Most ingested foreign bodies pass through the gastrointestinal tract uneventfully within 1 week. Gastrointestinal perforation following the ingestion of a foreign body usually occurs in the case of a material with a sharp, pointed end. Perforation may occur at any site in the gastrointestinal tract, but the ileocecal or rectosigmoid regions are the most commonly affected areas (4). There have been many reports of ingested fish bones penetrating the aerodigestive tract and migrating into various parts of the thoracic cage and abdominal cavity, resulting in retropharyngeal abscess, mediastinitis, pleural empyema, liver abscess and perivesical abscess (5-9).
Orda et al. (3) reported one case of CBD stone caused by a fish bone, which occurred in a patient who had no history of previous abdominal surgery.

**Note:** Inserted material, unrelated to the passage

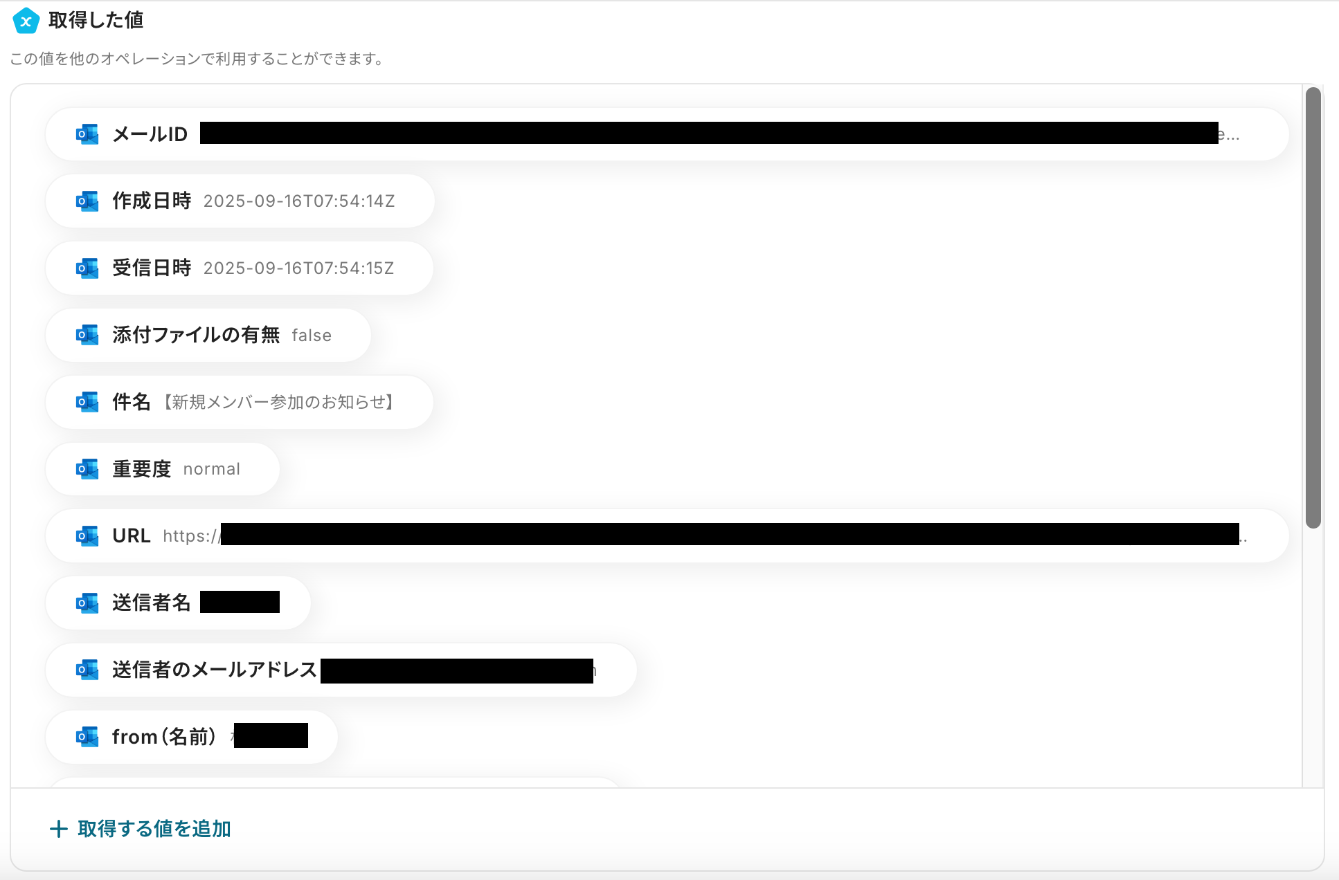 テストに成功すると、Outlookから取得した内容が取得した値に表示されます。

In their case, the presence of a choledochoduodenal fistula, which acted as the route of migration for a fish bone originating from the intestinal tract, was demonstrated by endoscopic retrograde cholangiopancreatography (ERCP). In contrast to their case, no choledochoenteric fistula was observed on the cholangiograms obtained either before or after stone removal in our cases. Prochazka et al. (2) reported two cases of choledocholithiasis caused by foreign material in patients who had not undergone any prior operation. They mentioned manometric studies of the sphincter of Oddi in patients with choledocholithiasis, and in a comparative study they found that the patients with choledocholithiasis had sequences of antegrade phasic waves in 18±5% and retrograde waves in 53±9%, while the control group of patients without choledocholithiasis had antegrade waves in 60±4% and retrograde waves only in 26±3%. They concluded that the presence of foreign material within the stones in patients without a history of previous operation could be explained by a possible reflux from the duodenum. Because there was no demonstrable choledochoenteric fistula on the cholangiogram in our cases, we retrospectively speculated that the fish bone in the CBD might be the result of reflux from the duodenum through the ampulla of Vater, although we did not perform a manometric study.

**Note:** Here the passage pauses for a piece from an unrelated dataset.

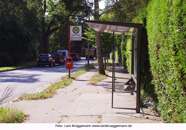 Die Bushaltestelle Röpers Weide der Metrobuslinie 1, vormals Linie 187 in Hamburg in Fahrtrichtung Bahnhof Othmarschen, aufgenommen am 8. September 2014. Digi Foto: IMGP4261.JPG Digi Fotos: 0252 Foto: Lars Brüggemann |

Although their visibility varies depending on the fish species, location and orientation, ingested fish bones are poorly identified by plain radiography. CT is useful for diagnosing fish bone impaction (10). One of our cases demonstrated a unique bright dot of bone density in the stone on CT. In this particular case, the cholangiograms of the stone formed from the nidus of fish bone showed filling defects with an unusually elongated shape, because the stone was formed over a linear fish bone nidus. When CT shows a stone containing a bright dot of bone density or the cholangiogram shows an unusually elongated filling defect in the biliary tree, the possibility of a stone formed over fish bone should be considered.